Data extracts START
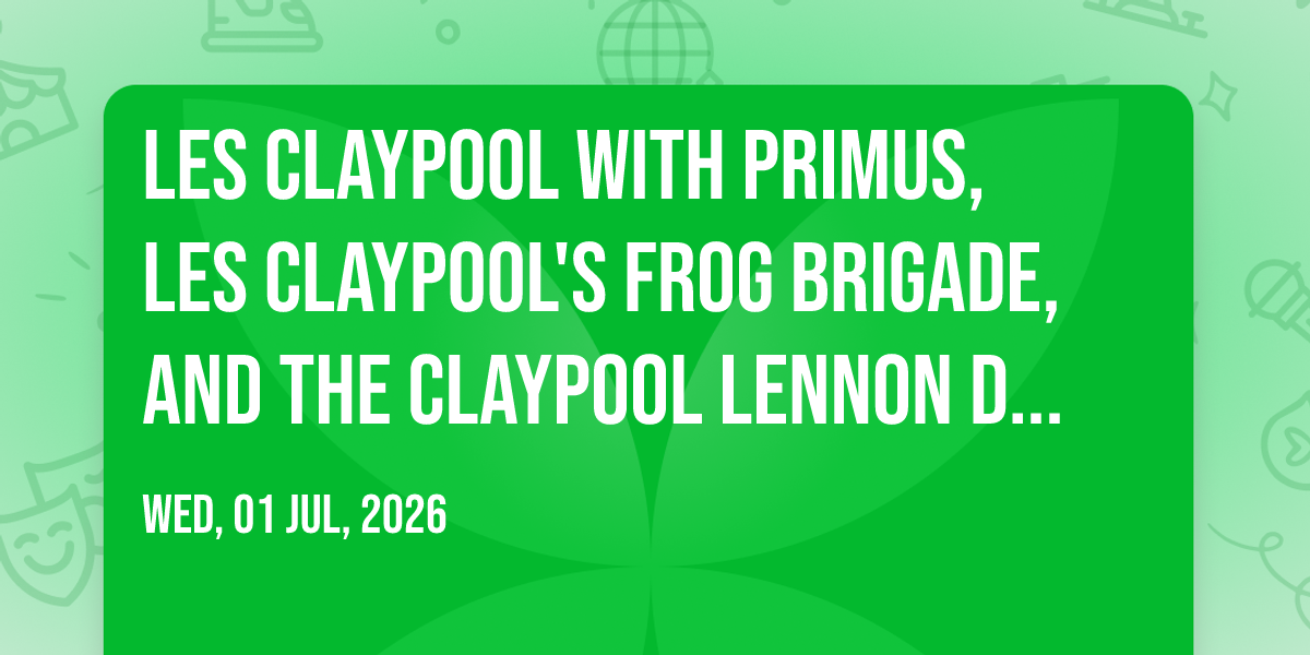 📍 Location: 33.4489, -112.079🌟 Be part of history at Les Claypool with Primus, Les Claypool's Frog Brigade, and The Claypool Lennon Delirium, an extraordinary gathering that will captivate your imagination! 🏛️ The prestigious Arizona Financial Theatre in Phoenix, AZ sets the stage for an unforgettable experience on July 1st, 2026 at 03:00 AM. ✨ They are bringing together the finest elements of entertainment and innovation to create moments that will take your breath away. From the moment you arrive, you'll be immersed in an atmosphere of wonder and excitement. 🎯 This carefully planned event ensures every guest experiences something truly special. 🎊 Early booking is recommended for this must-attend event of the season!
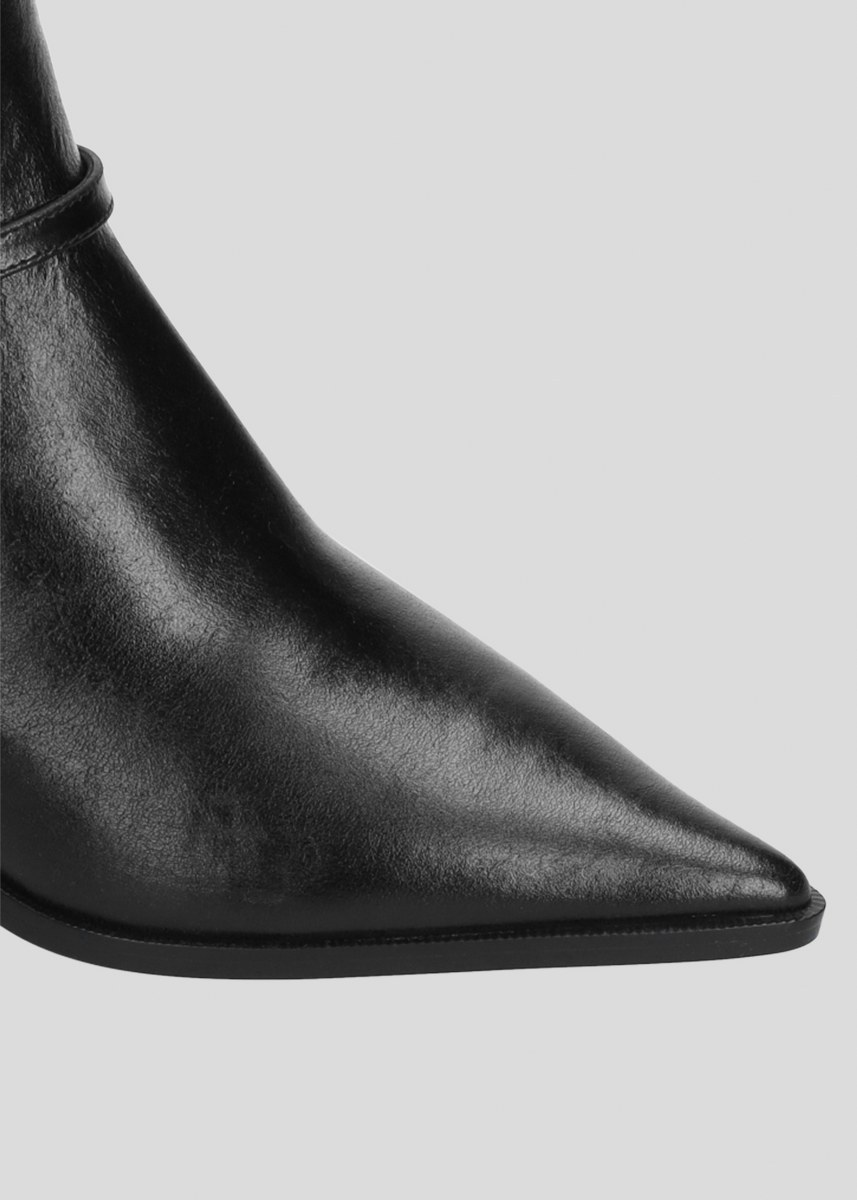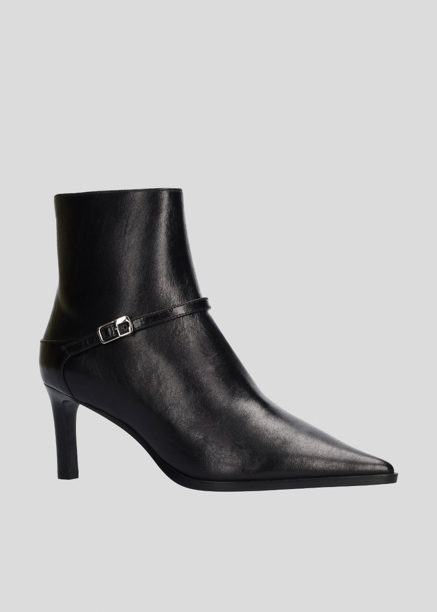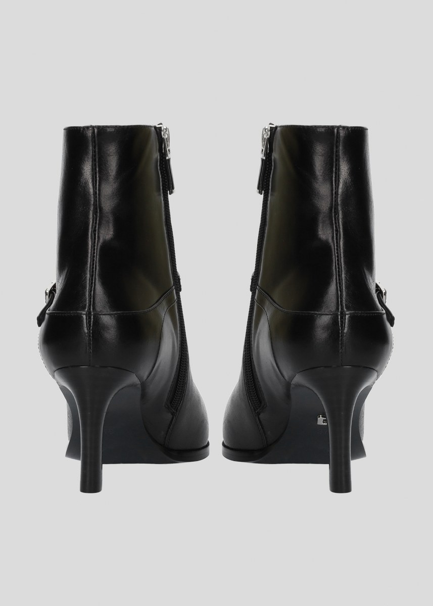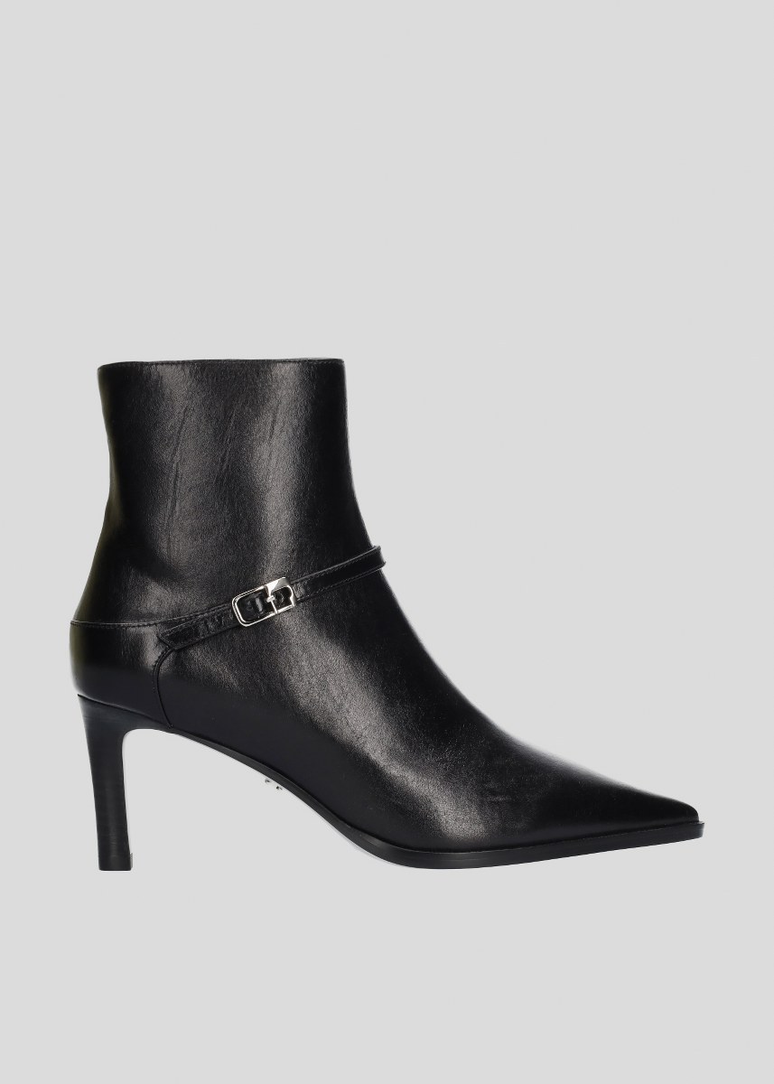 Low boot in leather- side zip- heel 7- rubber sole.
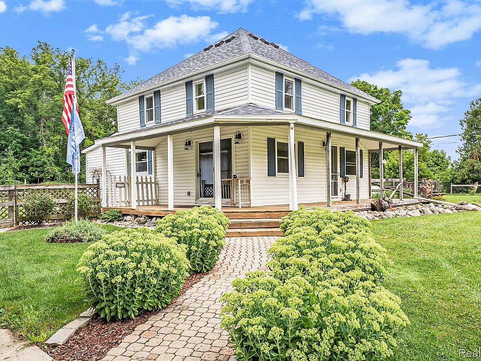 Welcome to this charming country farmhouse that is nestled on 1.8 acres offering a serene retreat from the hustle and bustle of everyday life while still conveniently located near local amenities. You will also enjoy relaxing on the wrap around covered porch every chance you get. The main level has hardwood floors and an open layout that offers a wonderful flow from room to room making it ideal for both everyday life and entertaining. The 30 x 40 garage w/oversized doors can accommodate your vehicles and outdoor equipment. Use your creativity to utilize the hobby barn however you wish. Updates include furnace, water softener, dryer, fridge and HWH 2022, roof on house 2021, remodeled bath and new deck/porch 2017. Many other updates have been completed throughout the years including the kitchen, electrical, windows w/transferrable warranty and more. Don't miss the chance to own a slice of country paradise!!
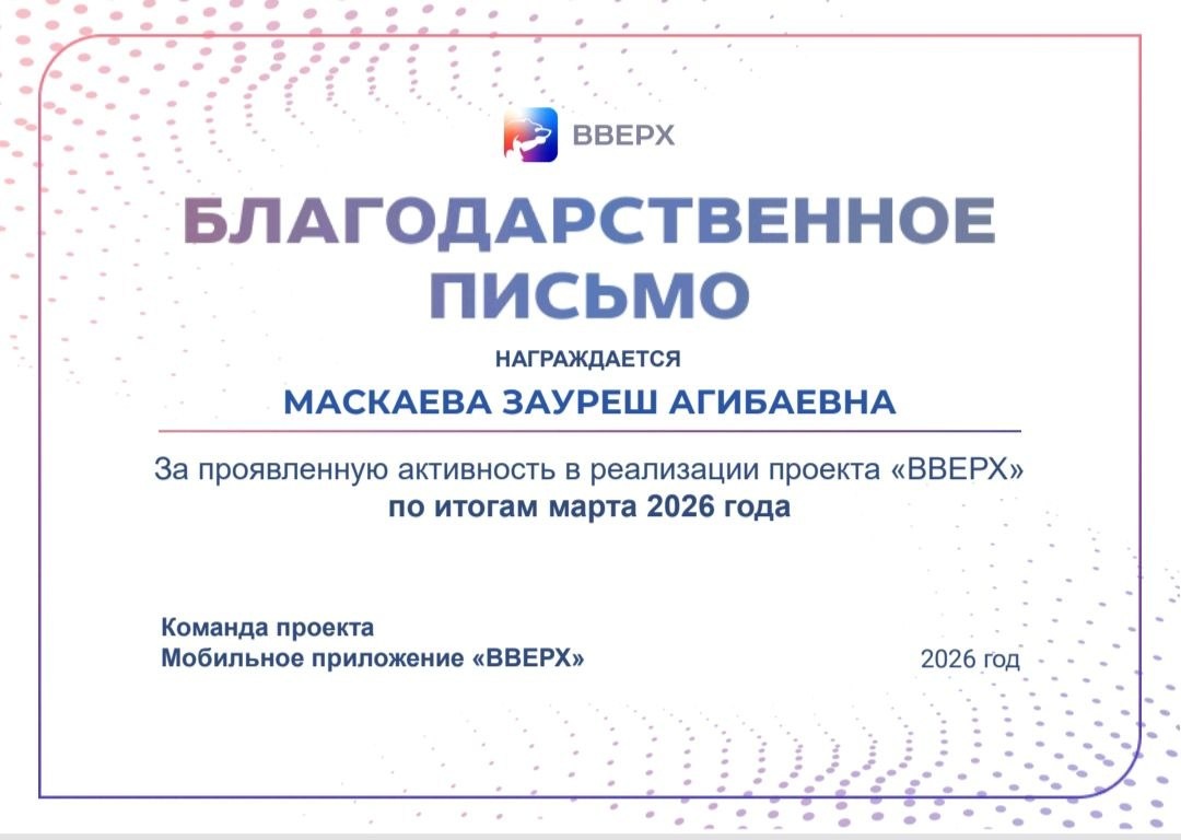 #ЕдинаяРоссия 🏆Получила благодарственное письмо,за проявленную активность в реализации проекта "ВВЕРХ",по итогам марта 2026 года. Благодарственное письмо означает признание моих усилий, вдохновляет продолжать двигаться вперёд и ещё раз убеждает в том , что мои старания были замечены и оценены.
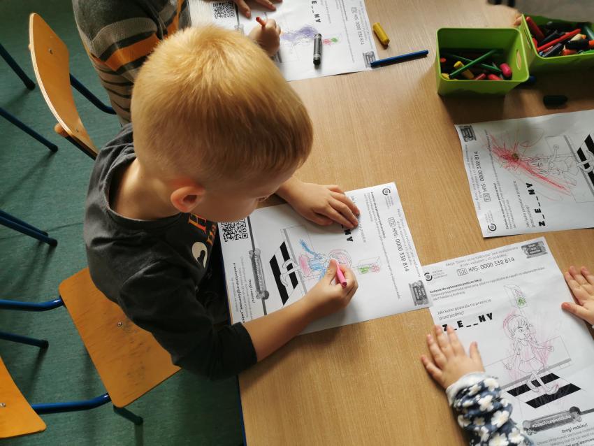 - Dzieci z grupy zajączków wcieliły się w rolę listonosza i z torbą pełną przesyłek pokonywały labirynt. Nie zabrakło im czasu i ochoty na kolorowanie ubrania listonosza.
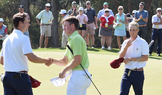 With Norman Xiong and Collin Morikawa recording a record-breaking 8&7 victory, the USA is tied with GB&I, 2-2
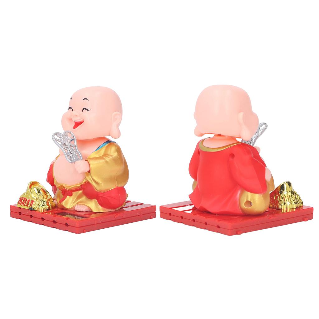 Buddha Figurine Eco Friendly Auspicious Smiling Eyes Monk Decoration Auto Shaking Hand Solar Power Energy Saving for Indoor
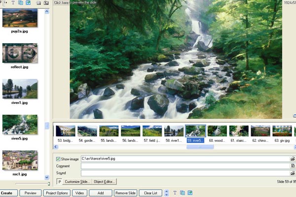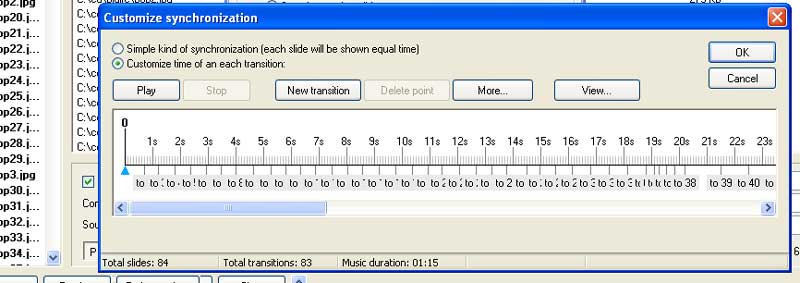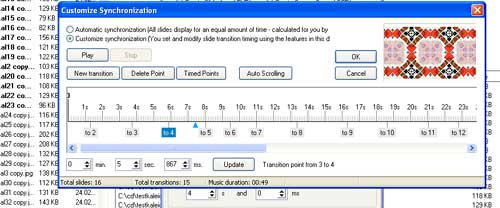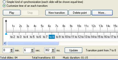 the transitions (a very wide range) and duration of image and transition.
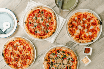 Hand-stretched frozen sourdough pizzas by Plank Sourdough Pizza.
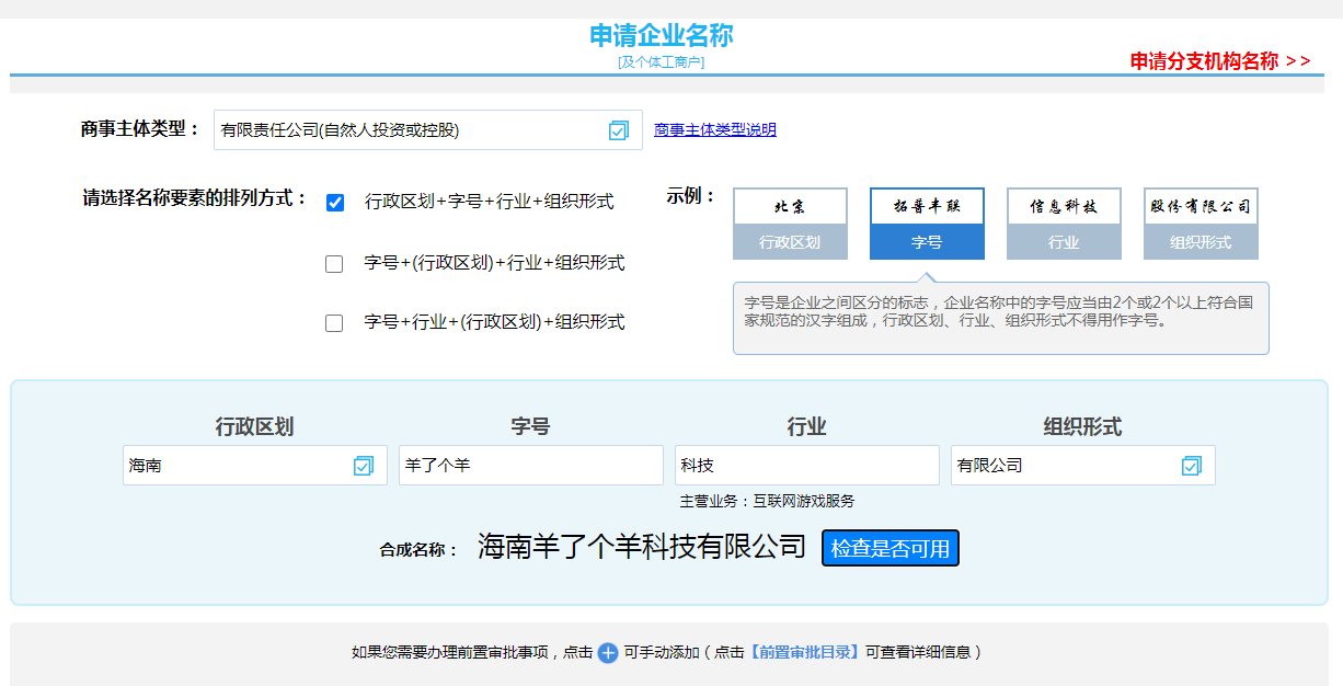 1、先申請(qǐng)企業(yè)名稱(chēng),確定羊了個(gè)羊這個(gè)字號(hào);
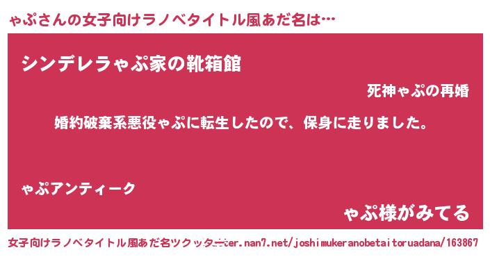 | 男性向けラノベタイトル風あだ名 | 『ャプスレイヤー』『魔法科高校のゃぷ』 |
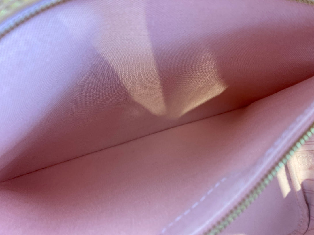 Good: Items show more prominent wear such as noticeable discoloration, stains and snags to fabric. May have worn corners and handles, tarnishing to hardware and creasing to leather. Pen or make up marks may be visible in the interior of the bag.
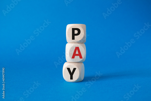 Payment symbol. Wooden cubes with words Pay. Beautiful blue background. Business and Pay concept. Copy space.
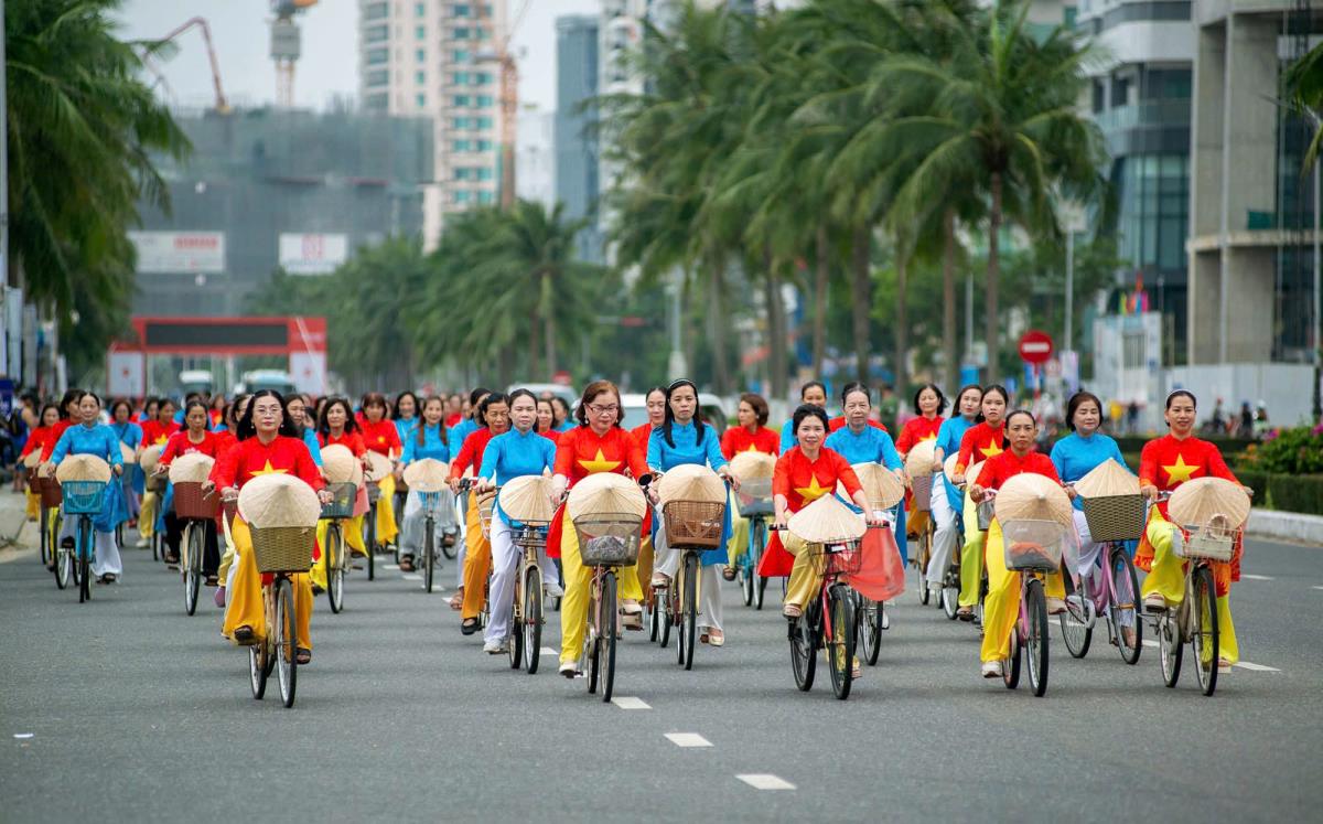 Trong đó, chương trình diễu hành áo dài với chủ đề "Dấu ấn Đà Nẵng - Hội tụ sông Hàn" do Hội Liên hiệp Phụ nữ TP tổ chức đã trở thành điểm nhấn ấn tượng. Hơn 1.000 phụ nữ tham gia đã tạo nên một "dải lụa" rực rỡ sắc màu trên các tuyến đường trung tâm. Những tà áo dài truyền thống, áo dài cờ đỏ sao vàng, áo dài thổ cẩm… hòa cùng nón lá, cờ Tổ quốc, lan tỏa niềm tự hào dân tộc và vẻ đẹp duyên dáng của người phụ nữ Việt.
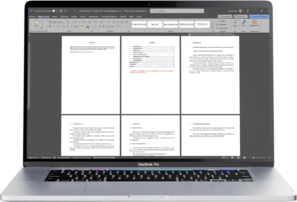 Receba modelos validados para todos os tipos de trabalhos (TCC, artigo, monografia, projeto, relatório de estágio…) e estruturas prontas com a indicação do que você deve escrever em cada parte do trabalho. É só baixar os modelos, copiar e editar para o seu tema.
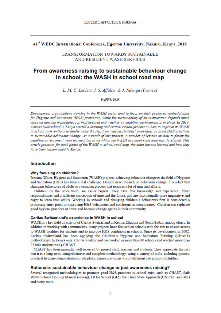 Development organisations working in the WASH sector tend to focus on their preferred methodologies for Hygiene and Sanitation (H&S) promotion, while the sustainability of an intervention depends much more on how the methodology is implemented and whether an enabling environment is in place. In 2014, Caritas Switzerland in Kenya started a learning and critical review process on how to improve its WASH in school interventions […]
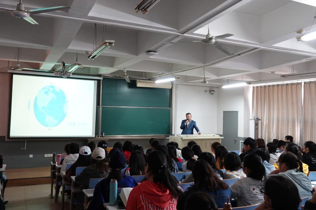 鞠航先生通过讲述自己六次珍贵的极地探访之旅,与师生分享途中逸闻趣事,探讨有关极地生态乃至地球生态的思考。作为山东省摄影家协会副主席,鞠航先生摄影作品数量繁多且质量上乘,丰富的游记照片让师生得以更好地了解南北极,领略南北极的别样风景,体会极地世界的生活百态,感受白色冰雪世界的魅力。穿插其中的旅行小故事,让大家从实际运作层面了解到南北极点的探访方案和线路,获知如何克服恶劣气候和航路阻碍的注意事项等,宝贵的经验阅历拓展了同学们对于极地世界的认识,也在大家心中点燃了未来梦想探访极地的火种。此外,联系当前世界环境背景,鞠航先生给大家着重强调了南北极的生态保护问题。他表示:“新一代青年肩负着重要使命,每个举动都有可能改变世界生态环境的未来。”在鞠航先生看来,南极态势的不乐观大多是由于陆地上人类过度开发生态系统造成的,只有人类真正认识到环保的重要性,并做出改变,才能维护生态平衡,延续人类的未来。
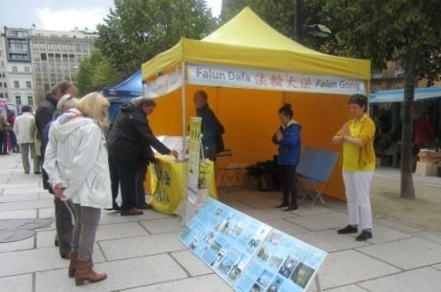 【明慧网二零一七年九月二十日】有“威尼斯水城”、“艺术才华的磁石”之称的比利时根特市(Ghent),被联合国教科文组织列为世界五个音乐之都的其中之一,每年吸引了大量的国内、国外爱好和欣赏艺术的人前来这里,享受这美丽、友好的音乐和文化盛会。“Odegand”是根特著名的音乐节,每年九月份的如期举行,同时间举行的文化市场也吸引了众多游客,在市中心的库尔德(Kouter)广场。广场周围大部份是十九世纪的建筑,有着浓郁的传统气息。和其它一百多个协会一起,法轮功修炼者也借机向这里的民众传播功法,并且向人们介绍有关法轮功的信息。
Data extracts END
▸ Task to carry out
What's needed is an exact copy of the lines above from the one with "1、先申請(qǐng)企業(yè)名稱(chēng),確" through the one with "Development organisations working", both included; the pictures stay out.

▸ Expected answer
 1、先申請(qǐng)企業(yè)名稱(chēng),確定羊了個(gè)羊這個(gè)字號(hào);
 | 男性向けラノベタイトル風あだ名 | 『ャプスレイヤー』『魔法科高校のゃぷ』 |
 Good: Items show more prominent wear such as noticeable discoloration, stains and snags to fabric. May have worn corners and handles, tarnishing to hardware and creasing to leather. Pen or make up marks may be visible in the interior of the bag.
 Payment symbol. Wooden cubes with words Pay. Beautiful blue background. Business and Pay concept. Copy space.
 Trong đó, chương trình diễu hành áo dài với chủ đề "Dấu ấn Đà Nẵng - Hội tụ sông Hàn" do Hội Liên hiệp Phụ nữ TP tổ chức đã trở thành điểm nhấn ấn tượng. Hơn 1.000 phụ nữ tham gia đã tạo nên một "dải lụa" rực rỡ sắc màu trên các tuyến đường trung tâm. Những tà áo dài truyền thống, áo dài cờ đỏ sao vàng, áo dài thổ cẩm… hòa cùng nón lá, cờ Tổ quốc, lan tỏa niềm tự hào dân tộc và vẻ đẹp duyên dáng của người phụ nữ Việt.
 Receba modelos validados para todos os tipos de trabalhos (TCC, artigo, monografia, projeto, relatório de estágio…) e estruturas prontas com a indicação do que você deve escrever em cada parte do trabalho. É só baixar os modelos, copiar e editar para o seu tema.
 Development organisations working in the WASH sector tend to focus on their preferred methodologies for Hygiene and Sanitation (H&S) promotion, while the sustainability of an intervention depends much more on how the methodology is implemented and whether an enabling environment is in place. In 2014, Caritas Switzerland in Kenya started a learning and critical review process on how to improve its WASH in school interventions […]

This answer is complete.